Wednesday, August 29, 2012

Doing HDRs with the 645pro (beta)


Camera App: 645pro beta

Other Apps used for post processing:
Mobile HDR - to create a HDR picture from 3 files. Most iOS HDR apps use only 2 files, one overexposed and one underexposed. Mobile HDR aims at creating HDR pictures from your bracket shots made with a DSLR. Because the 645pro currently offers the best picture quality available on the iPhone I wanted to see if Mobile HDR can be useful for photos made with the iPhone too. The answer is YES it can! But to create the files necessary for the HDR picture one must use some tricks because the 645pro offers no bracket mode shooting. So I did the following:
1) I used the 645pro film with the richest colors, which is the FC5 film.
2) I used the Neutral Density #1 filter with 100% efficiency. Currently that filter is only available in the actual beta version of the 645pro but that version is to be released soon. It runs rock stable and comes with a lot of improvements. So if you don't already have the 645pro on your iPhone I recommend you buying it. It's definitely the best camera app available, and it's a pleasure to work with it. 
The 645pro saves your photos in TIFF format as well as in JPG formt. The TIFFs are the RAW files, unprocessed, no film effects, no filters. Development of RAW photos shot with a DSLR is usually done in a so called "RAW converter" but no such app exists for the iOS devices so development is done in the 645pro itself, that's why it's called a dRAW file - a developed RAW file.
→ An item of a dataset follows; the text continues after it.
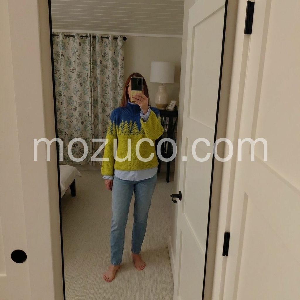 Great purchase! This sweater is incredibly soft and warm, perfect for cold weather. The design is so cute—those little trees are such a sweet detail, and the color contrast is bold but stylish. The bell sleeves are a nice touch, adding a feminine flair without being too frilly. It fits well, not too tight or too baggy, and the high neck is great for blocking out the wind. I’ll definitely be buying more colors if they become available!

The JPG file (of the same photo) is the photo with the configured effects applied, such as films and filters used.
3) In case of the old Diesel engine (above) I also created a black and white version in MonoPhix HD as well as an overexposed version in Laminar.
4) To create the HDR picture in Mobile HDR I used the black and white version created in MonoPhix HD, the JPG version from 645pro and the overexposed version made in Laminar. To create the overexposed picture I simply adjusted its curve by pulling it a bit outwards on a spot set in the middle of the line.

Here you see the original photos and the finished HDR picture

Screenshot from Laminar showing the adjusted curve 
to create an overexposed photo.


The black and white picture created from the TIFF file
using MonoPhix HD.


After importing the files into Mobile HDR the processing
 screen looked like this.


Here's yet another HDR picture created in a similar way than the picture on top of the page. In this case I created an underexposed version of the TIFF file to use with the set of 3 photos in Mobile HDR. Then I created a black and white version from the HDR picture in MonoPhix HD. I also tried Snapseed but I liked the result from MonoPhix HD more. Then I was opening the color HDR and the b/w HDR in Blender. The color version on the left side - the b/w version on the right side. Blending mode was "normal", with the slider set 25% to the left. This enhanced the colors and de-saturated the picture a bit at the same time.